Bank of England Governor Mark Carney has won many plaudits for the decision to link monetary policy to the unemployment rate, but how wise is it to judge economic health by this blunt labour market indicator?
How safe is it to hike interest rates when unemployment has fallen, but only because enough hard-pressed people have successfully jostled for dismally paid half-jobs in the country's woeful jobs market?
This is the problem. If unemployment falls it does not mean that the economy is healthier and therefore monetary policy can be tightened. It may instead mean people no longer count as unemployed, but are instead in poorly paid jobs and working precious few hours.
It also does not mean the painful and ever-steepening decline in incomes will have reversed, leaving households with more disposable cash to both spend and save. It simply means more people will have been lumped over into the Office for National Statistics' (ONS) broad interpretation of what counts as employment - namely working at least one hour a week.
Zero-hours, underemployment and living costs
The Chartered Institute for Personnel and Development (CIPD) said there are as many as a million people on controversial zero-hours contracts in the UK, working each week without a contractual guarantee of minimum hours or pay.
These contracts have their place in a flexible labour market, but they are becoming increasingly commonplace as some employers exploit them to cut back on staff benefits and make it easier to fire people at a moment's notice.
Zero-hours arrangements may work for many people - those with childcare needs who have to be flexible, or students looking for a job to fit around their studies - but they do not suit every person or every job. They can engulf a person in great financial uncertainty.
How many hours will they work each week? How much can they budget for in household finances? When will the contract be terminated? This is not healthy employment, employment though it is.
What's more, the number of workers who report being underemployed - people who are in employment but want to work more hours - has shot up by a million since the financial crisis.
More and more people have been driven to self-employment because of a lack of full-time, permanent work in the labour market.
This is all well and good if you can make a decent living, but many of those who work for themselves struggle to get by at all and often still rely on the welfare system just to keep them afloat. What's more, a larger amount of self-employed people likely means smaller tax receipts for the Treasury.
Incomes are falling. They have collapsed in real terms to the sort of levels seen a decade ago. The basic costs of living have soared, from the dinner plate to the radiator.
Anti-poverty thinktank the Joseph Rowntree Foundation calculates that the basic cost of living has jumped 45% over ten years, all the while as working people take less and less home in pay. The Bank of England itself predicts that the real terms fall in wages is going to continue for months.
A rate hike
With this backdrop of tumbling incomes and a labour market full of paltry jobs that fuel underemployment, should we be hiking interest rates because unemployment has fallen below a certain level?

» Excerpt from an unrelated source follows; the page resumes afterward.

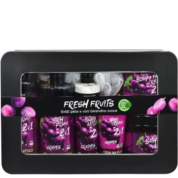 Darčekové balenie kozmetiky s výťažkami z hrozna na každodennú starostlivosť o pokožku a pleť v darčekovom plechovom obale. Svieža ovocná vôňa oživuje myseľ a dodáva pocit sviežosti po celý deň.

If the criteria were to be met, and the 'knockouts' which would void the interest rate hike had not come into play, the Bank of England would hike rates when unemployment falls to its threshold.
This would encourage people to save rather than spend. Given they already have very little disposable income to spend as it is, a rate hike would sap this out of the economy as people put money away instead.
Households would restock the savings they have depleted in recent years. They have been putting away less disposable income than they were at the height of the financial crisis, deterred by the low interest rates that yield so little in return for prudence.
ONS data shows households are now saving 4.2% of what's left after all the bills have been paid, compared to an average of 6.7% during 2011 and 2012.
The National Institute of Economic and Social Research (NIESR) forecasts that the UK economy will grow by 1.2% in 2013 and 1.8% in 2014, both 0.3% improvements on its previous estimates, but only because people are dipping into their piggy banks.
"The main cause of the improvement in the economic growth outlook is a rise in the prospects for consumer spending growth," said the NIESR, adding that it is "at the expense of household saving, rather than a consequence of rising real disposable incomes".
A rate hike, triggered by unemployment falling below a 7% rate, would be disastrous.
It would freeze the flow of consumer spending, in turn causing output to fall. This may then choke off job creation and leave firms with less cash to invest. It would reduce Treasury tax receipts and set the economy back a step, just when it looked like it was marching forward.
Perhaps monetary policymakers will simply review the base rate when the unemployment threshold is met and choose to maintain it at the record-low of 0.5%. If so, wouldn't this nobble the effectiveness of future forward guidance and raise doubts over the BoE's credibility?
Forward guidance on monetary policy may well be a good thing, but there is undoubtedly a question mark over tying it to the UK's unwieldy unemployment rate.
Shane Croucher is a senior business journalist at IBTimes UK.